[Records contained in a dataset]
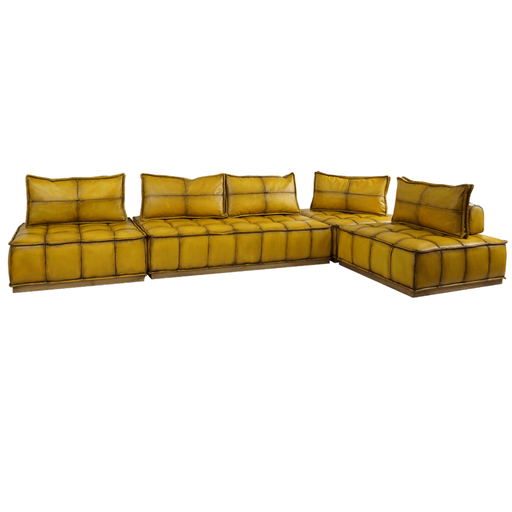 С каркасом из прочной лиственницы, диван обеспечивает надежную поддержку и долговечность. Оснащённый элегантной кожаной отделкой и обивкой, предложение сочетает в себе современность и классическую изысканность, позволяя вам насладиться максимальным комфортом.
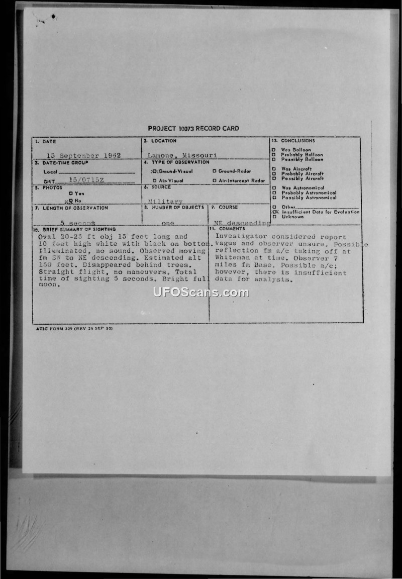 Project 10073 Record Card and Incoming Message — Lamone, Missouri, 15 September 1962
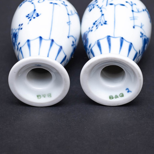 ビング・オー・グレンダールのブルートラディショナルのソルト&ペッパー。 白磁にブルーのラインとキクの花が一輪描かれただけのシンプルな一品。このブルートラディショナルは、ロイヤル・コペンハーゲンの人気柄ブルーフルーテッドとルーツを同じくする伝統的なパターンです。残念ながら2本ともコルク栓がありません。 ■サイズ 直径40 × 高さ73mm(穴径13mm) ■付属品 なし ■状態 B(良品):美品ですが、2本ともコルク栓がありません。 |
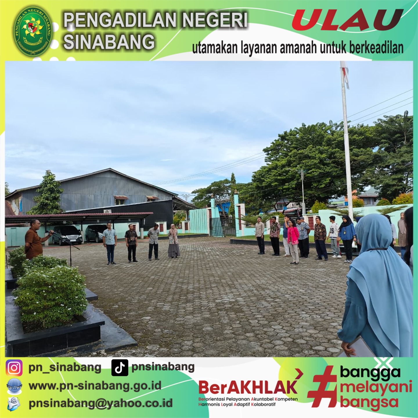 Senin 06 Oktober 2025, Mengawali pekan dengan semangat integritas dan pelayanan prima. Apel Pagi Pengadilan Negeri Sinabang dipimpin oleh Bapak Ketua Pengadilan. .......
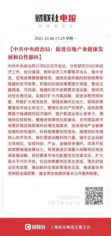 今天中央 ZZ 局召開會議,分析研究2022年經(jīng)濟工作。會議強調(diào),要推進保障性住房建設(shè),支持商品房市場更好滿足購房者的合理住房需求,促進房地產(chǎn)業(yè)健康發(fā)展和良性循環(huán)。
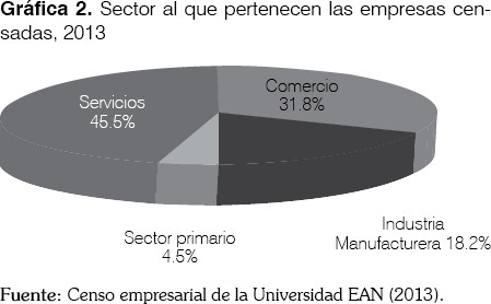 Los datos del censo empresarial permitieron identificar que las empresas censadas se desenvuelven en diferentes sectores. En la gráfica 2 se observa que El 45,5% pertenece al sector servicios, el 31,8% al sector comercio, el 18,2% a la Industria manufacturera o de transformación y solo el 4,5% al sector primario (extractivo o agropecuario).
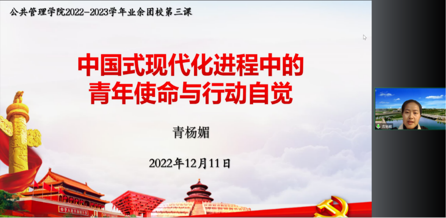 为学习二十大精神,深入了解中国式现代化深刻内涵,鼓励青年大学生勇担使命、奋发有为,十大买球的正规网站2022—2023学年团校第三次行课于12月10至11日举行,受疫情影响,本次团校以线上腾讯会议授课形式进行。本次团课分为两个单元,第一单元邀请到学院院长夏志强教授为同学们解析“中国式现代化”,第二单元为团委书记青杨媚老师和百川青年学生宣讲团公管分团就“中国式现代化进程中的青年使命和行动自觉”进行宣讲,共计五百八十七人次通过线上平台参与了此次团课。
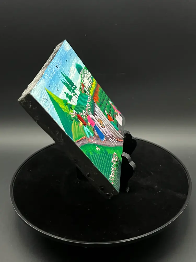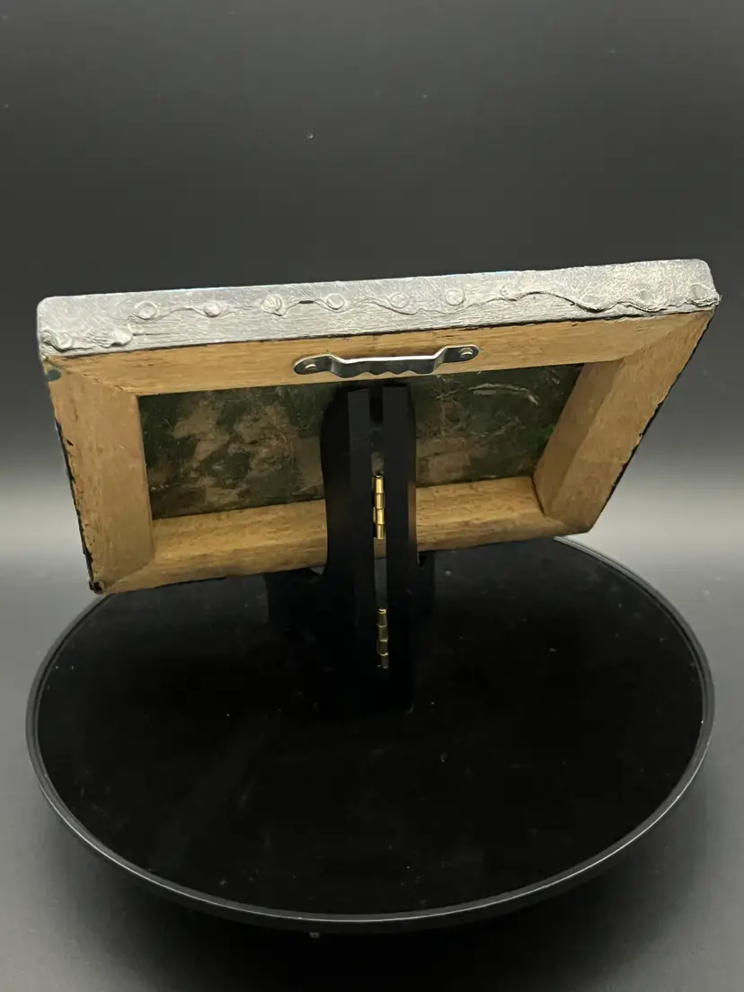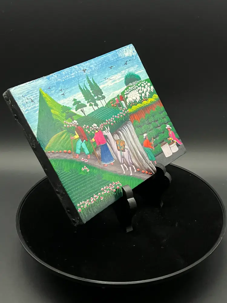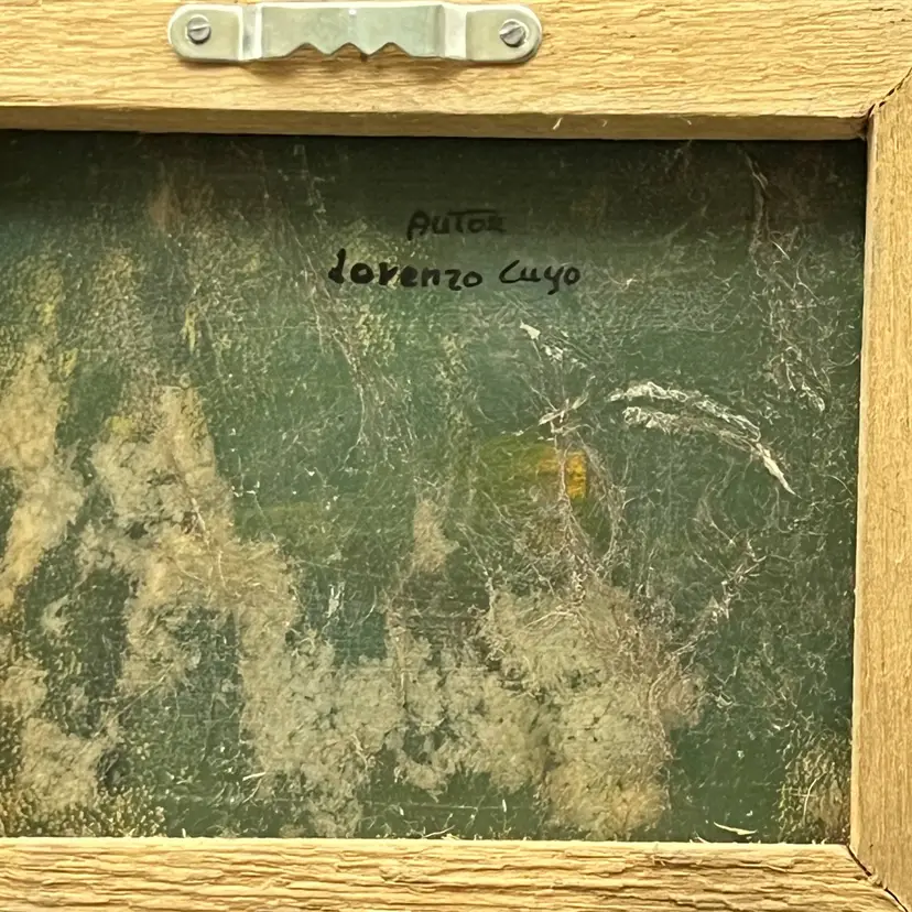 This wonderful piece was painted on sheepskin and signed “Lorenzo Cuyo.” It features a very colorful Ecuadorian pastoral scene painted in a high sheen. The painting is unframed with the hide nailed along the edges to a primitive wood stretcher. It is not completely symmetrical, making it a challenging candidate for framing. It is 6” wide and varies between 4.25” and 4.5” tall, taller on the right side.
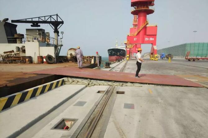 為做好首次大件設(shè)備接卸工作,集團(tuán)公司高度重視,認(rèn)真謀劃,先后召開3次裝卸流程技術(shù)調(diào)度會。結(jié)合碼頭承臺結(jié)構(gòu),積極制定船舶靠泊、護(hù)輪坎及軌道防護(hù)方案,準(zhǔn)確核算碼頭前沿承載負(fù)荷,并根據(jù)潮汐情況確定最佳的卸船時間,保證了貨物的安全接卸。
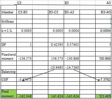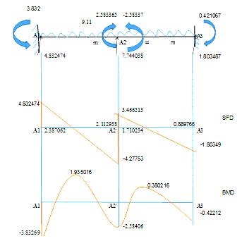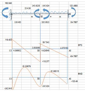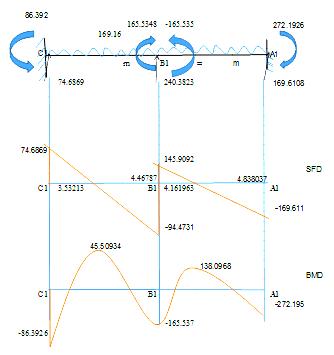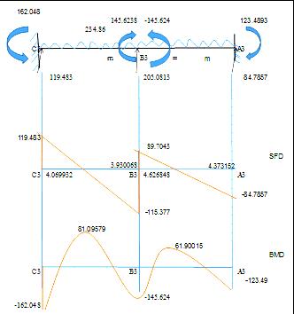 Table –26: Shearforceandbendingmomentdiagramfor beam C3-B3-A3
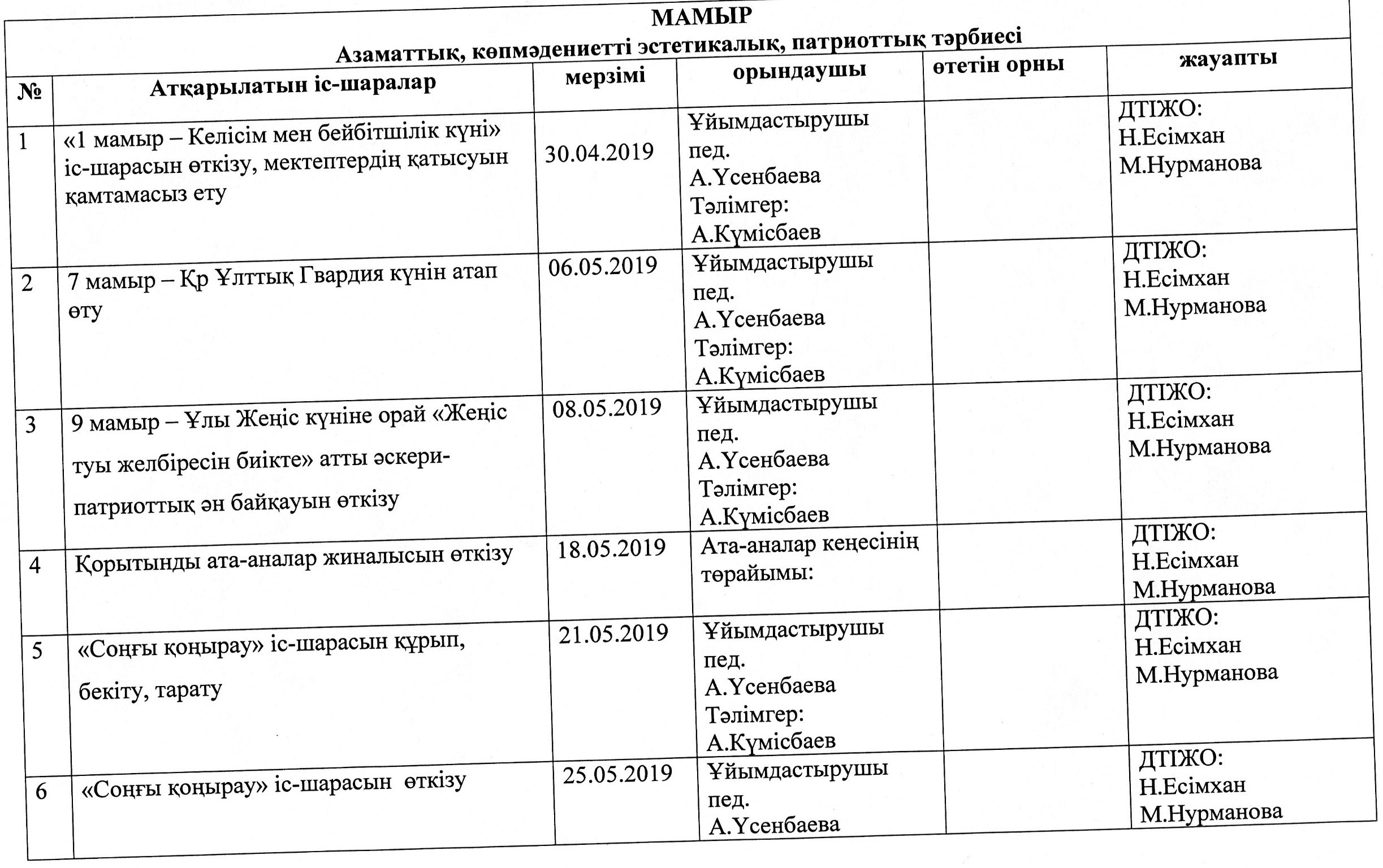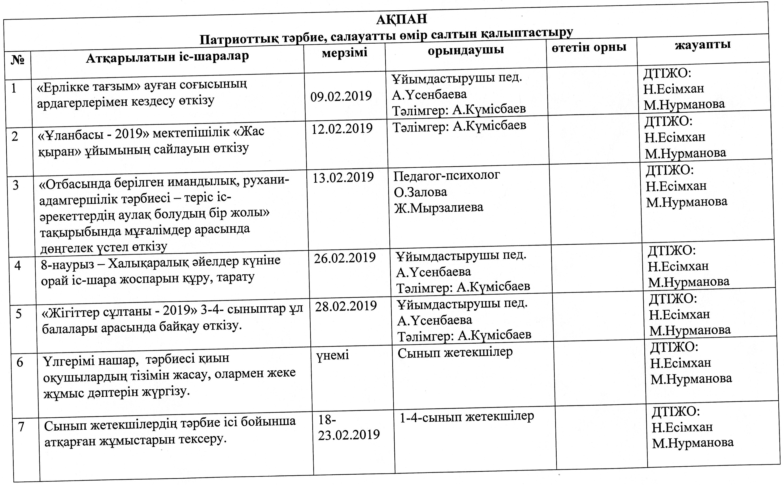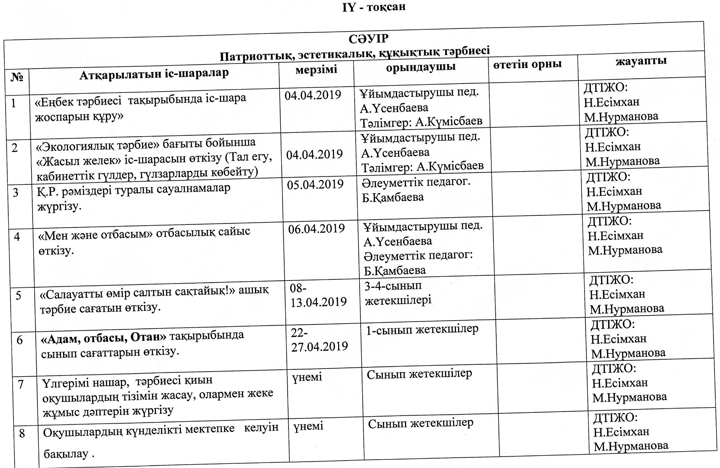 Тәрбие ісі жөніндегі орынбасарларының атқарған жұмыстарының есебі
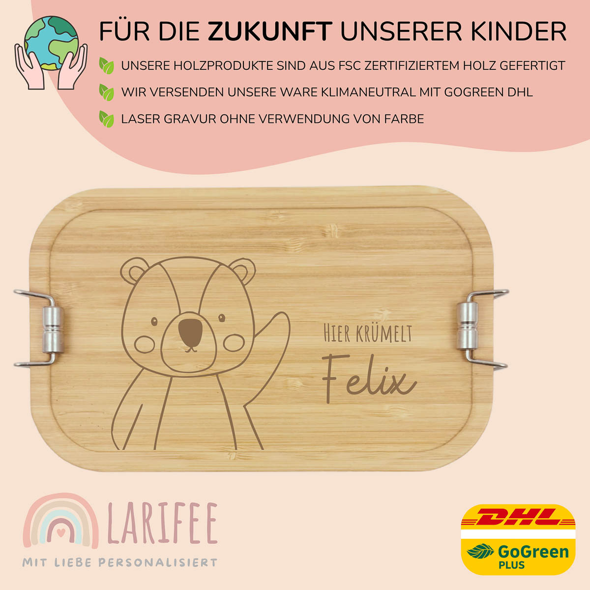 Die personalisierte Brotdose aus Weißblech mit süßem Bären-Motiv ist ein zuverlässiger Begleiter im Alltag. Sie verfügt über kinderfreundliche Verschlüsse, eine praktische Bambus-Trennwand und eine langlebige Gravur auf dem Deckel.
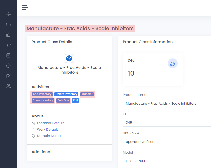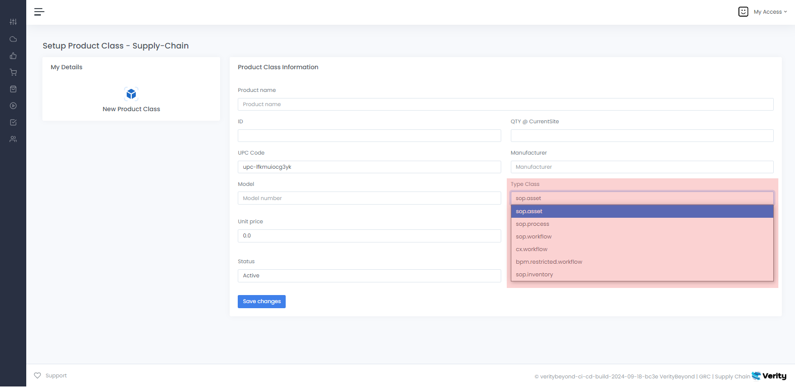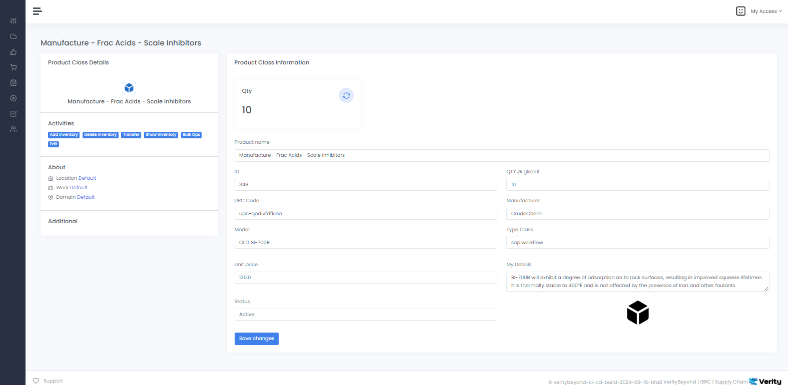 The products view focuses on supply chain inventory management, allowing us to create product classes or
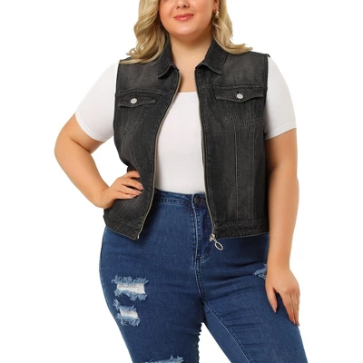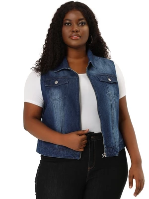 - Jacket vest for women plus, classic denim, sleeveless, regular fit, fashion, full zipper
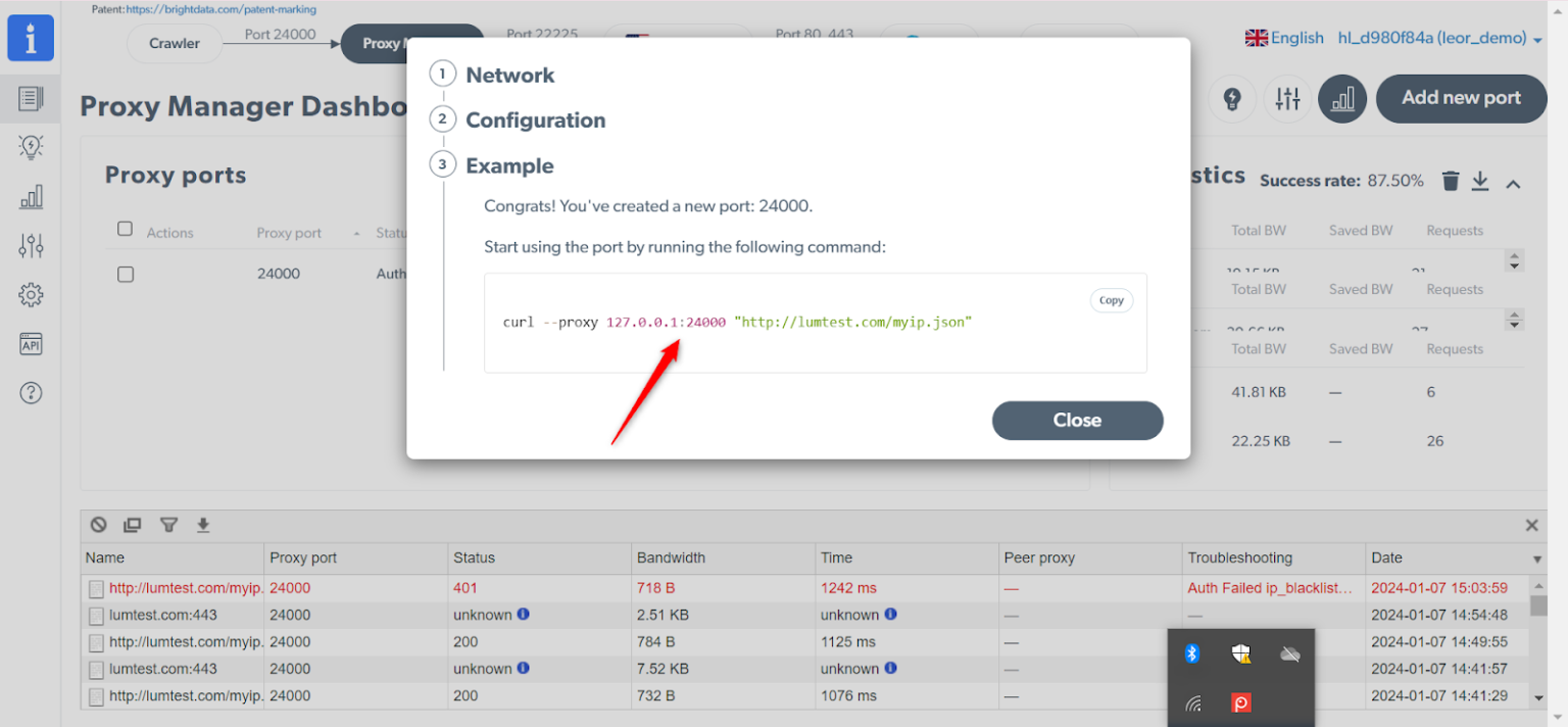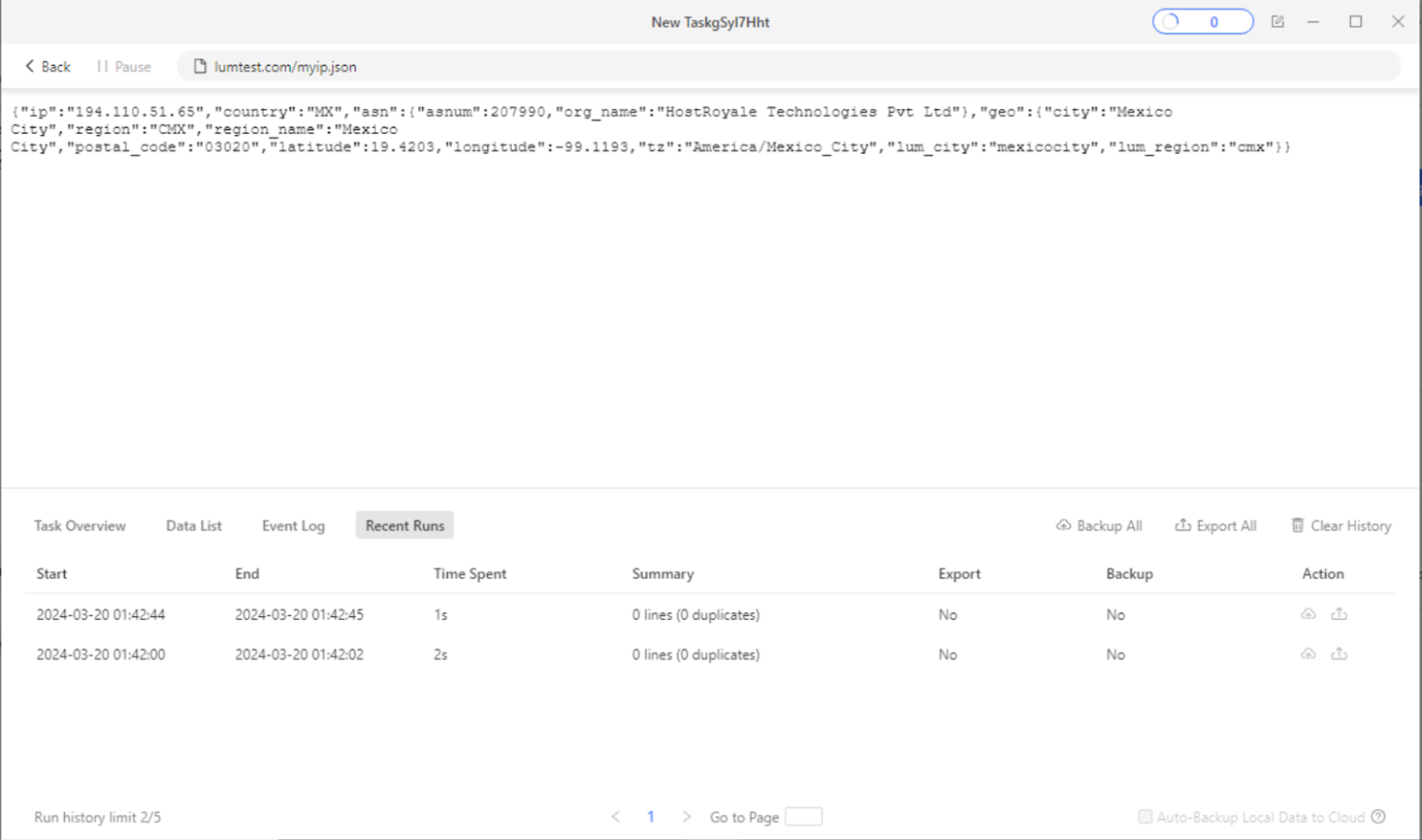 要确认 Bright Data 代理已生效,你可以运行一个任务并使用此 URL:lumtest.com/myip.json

Work order:
Every line from the one with "Los datos del" through the one with "为学习二十大精神,深入了解中" is to be reproduced exactly as written above, and the pictures are to be dropped.

Task solution:
 Los datos del censo empresarial permitieron identificar que las empresas censadas se desenvuelven en diferentes sectores. En la gráfica 2 se observa que El 45,5% pertenece al sector servicios, el 31,8% al sector comercio, el 18,2% a la Industria manufacturera o de transformación y solo el 4,5% al sector primario (extractivo o agropecuario).
 为学习二十大精神,深入了解中国式现代化深刻内涵,鼓励青年大学生勇担使命、奋发有为,十大买球的正规网站2022—2023学年团校第三次行课于12月10至11日举行,受疫情影响,本次团校以线上腾讯会议授课形式进行。本次团课分为两个单元,第一单元邀请到学院院长夏志强教授为同学们解析“中国式现代化”,第二单元为团委书记青杨媚老师和百川青年学生宣讲团公管分团就“中国式现代化进程中的青年使命和行动自觉”进行宣讲,共计五百八十七人次通过线上平台参与了此次团课。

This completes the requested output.